Information shown »
↓↓↓

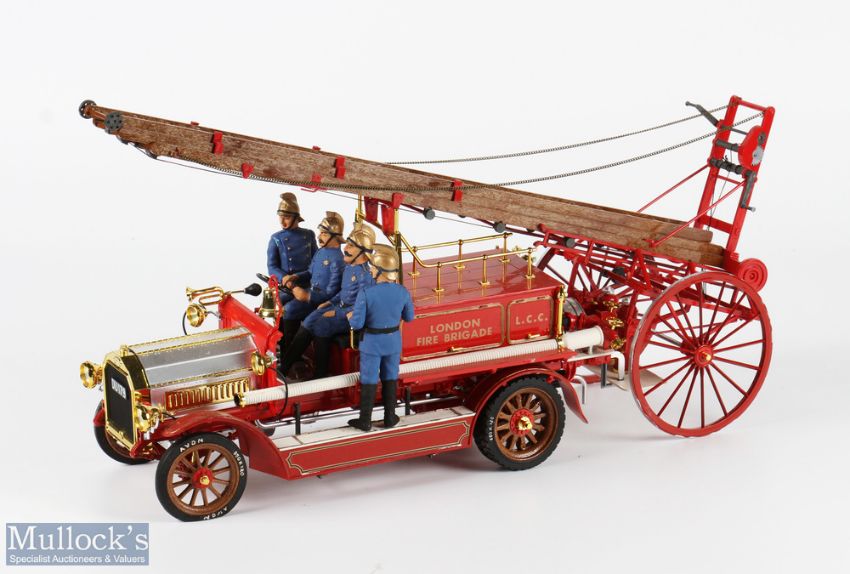2x large Model Kit Fire Engines both are built kits, a model of 1914 Dennis fire engine London Fire brigade kit with firemen figure by Bandai, -this is fully made kit, looking almost complete, plus a 1911 American Christine steam fire engine by MPC, this also is built, but has damage with loose parts and might be missing parts - NB collection only as these will not survive been posted
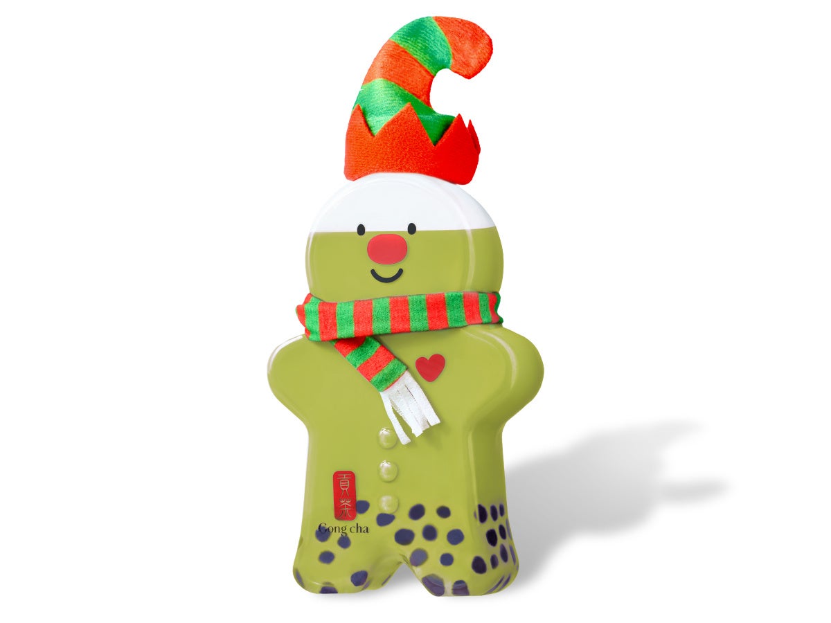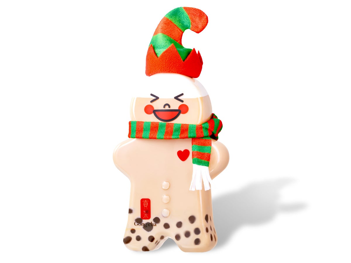 帽子とマフラーをまとった愛らしいジンジャーブレッドマンデザインの限定ボトルに、ゴンチャ一番人気の「ブラック ミルクティー」をイン。さらにパールとミルクフォームをトッピングしました。飽きのこないすっきりとした風味でありながら、お茶本来の深い味わいが楽しめます。
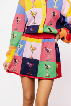 The Queen Of Sparkles Multi Checkered Cosmo Button Up Sweater is a statement piece made for celebration. With its bold checkered knit, sparkling martini glass details, and classic button-up silhouette, it’s versatile enough to wear solo or layered. Pair it with denim for a fun night out or style it with the matching Cosmo Knit Skirt for the ultimate head-turning holiday set.
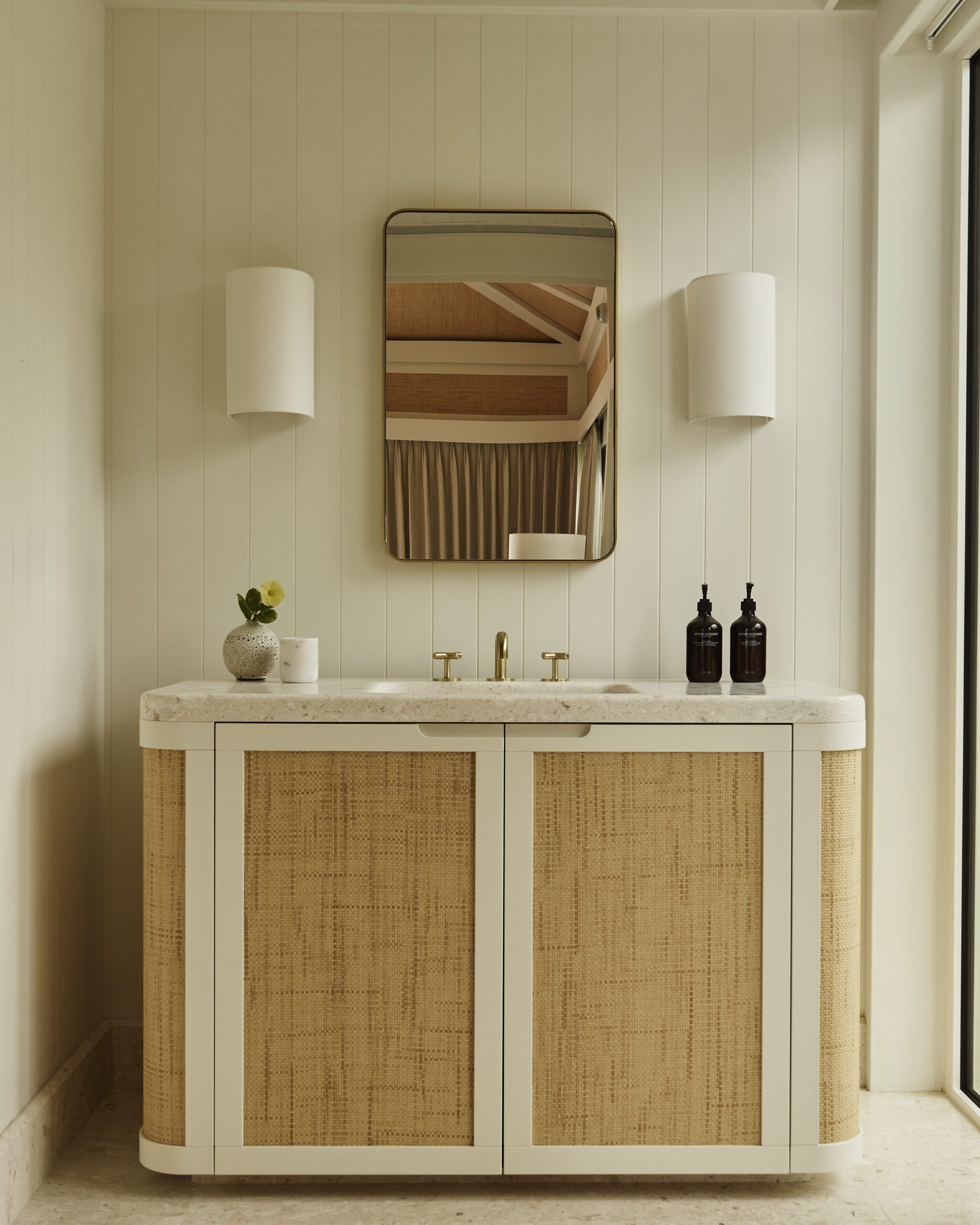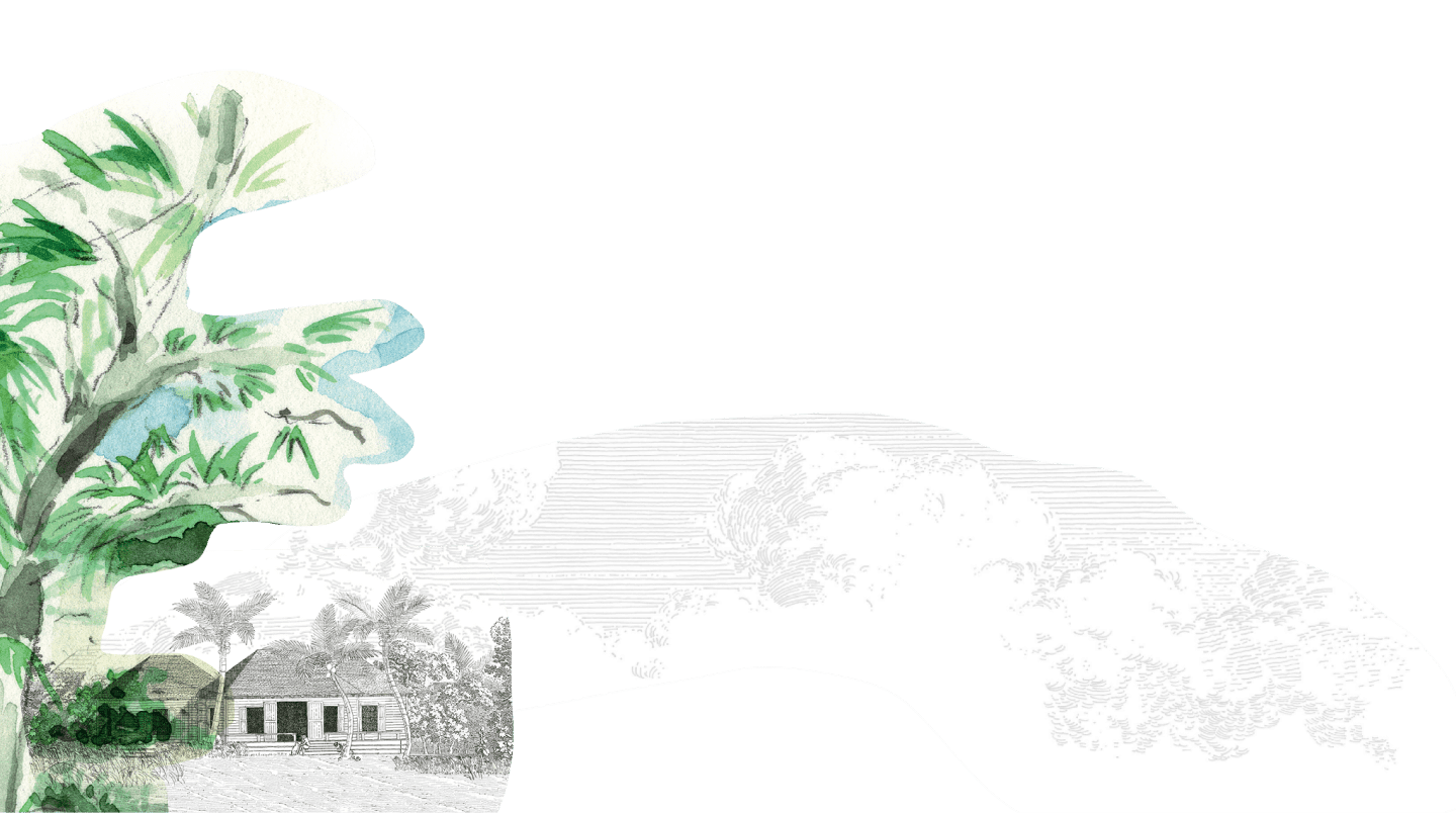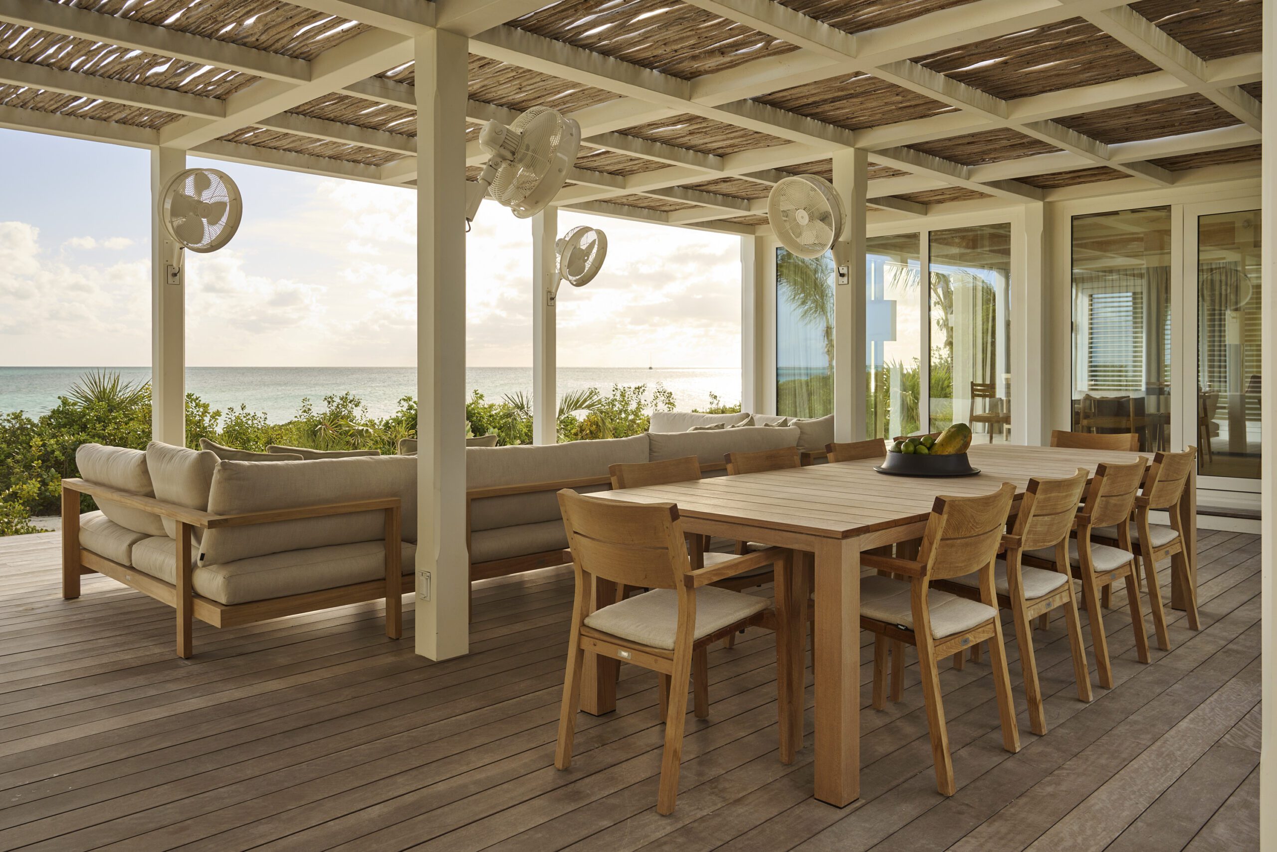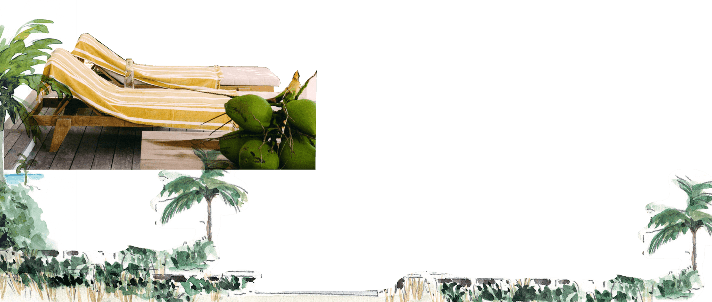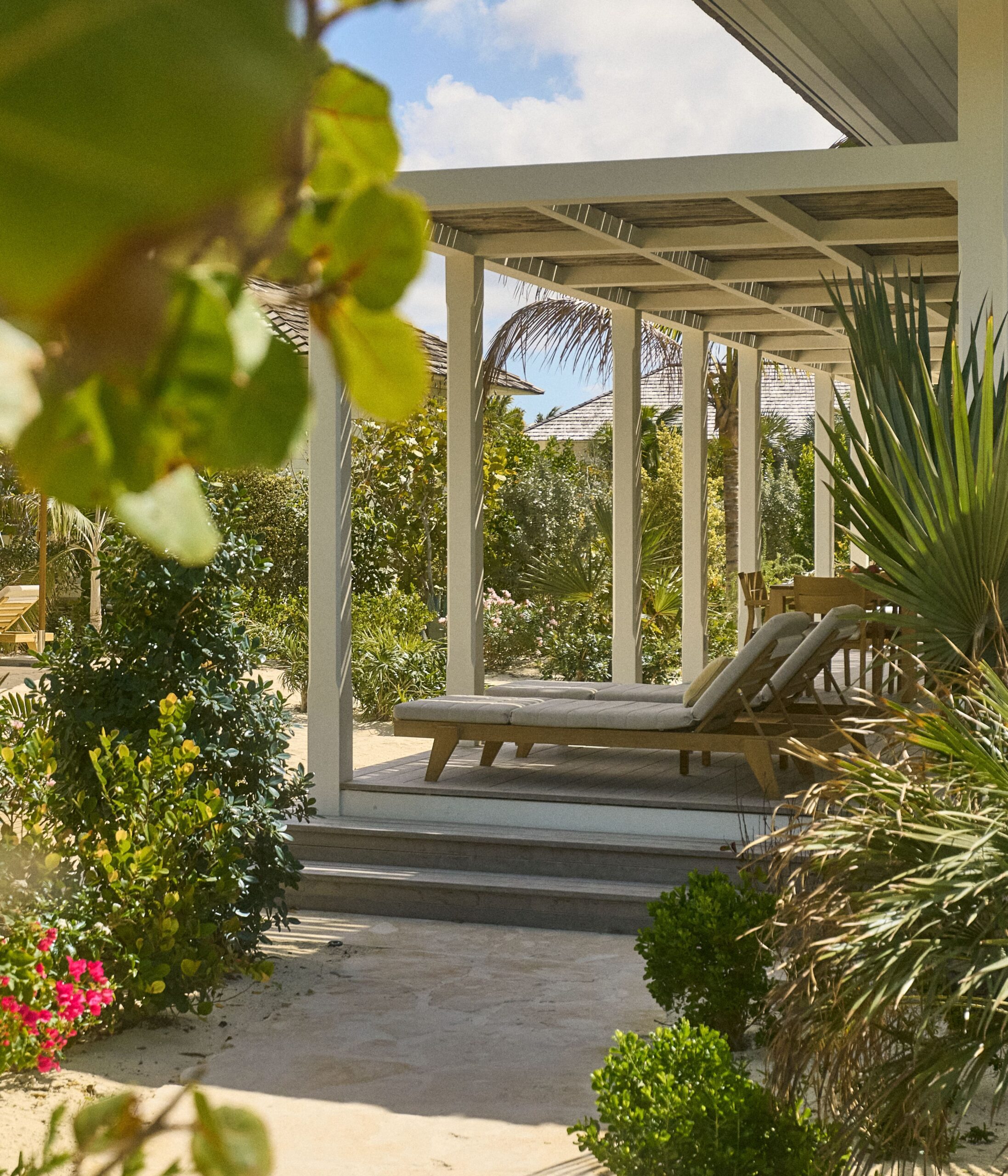 The Two Bedroom Villa features a Bungalow with Primary and Guest bedrooms, each with ensuite bath, connected to a Living Pavilion through a shaded outdoor porch with direct views to the sea. The Living Pavilion is an open-plan Bungalow outfi tted with a kitchen, a dining space for up to ten guests, and a living area, as well as outdoor lounging and dining space, and a powder room.

↑↑↑

What needs to be done » In the answer, the data should reappear exactly, with no pictures.

Response to the task »
2x large Model Kit Fire Engines both are built kits, a model of 1914 Dennis fire engine London Fire brigade kit with firemen figure by Bandai, -this is fully made kit, looking almost complete, plus a 1911 American Christine steam fire engine by MPC, this also is built, but has damage with loose parts and might be missing parts - NB collection only as these will not survive been posted
 帽子とマフラーをまとった愛らしいジンジャーブレッドマンデザインの限定ボトルに、ゴンチャ一番人気の「ブラック ミルクティー」をイン。さらにパールとミルクフォームをトッピングしました。飽きのこないすっきりとした風味でありながら、お茶本来の深い味わいが楽しめます。
 The Queen Of Sparkles Multi Checkered Cosmo Button Up Sweater is a statement piece made for celebration. With its bold checkered knit, sparkling martini glass details, and classic button-up silhouette, it’s versatile enough to wear solo or layered. Pair it with denim for a fun night out or style it with the matching Cosmo Knit Skirt for the ultimate head-turning holiday set.
 The Two Bedroom Villa features a Bungalow with Primary and Guest bedrooms, each with ensuite bath, connected to a Living Pavilion through a shaded outdoor porch with direct views to the sea. The Living Pavilion is an open-plan Bungalow outfi tted with a kitchen, a dining space for up to ten guests, and a living area, as well as outdoor lounging and dining space, and a powder room.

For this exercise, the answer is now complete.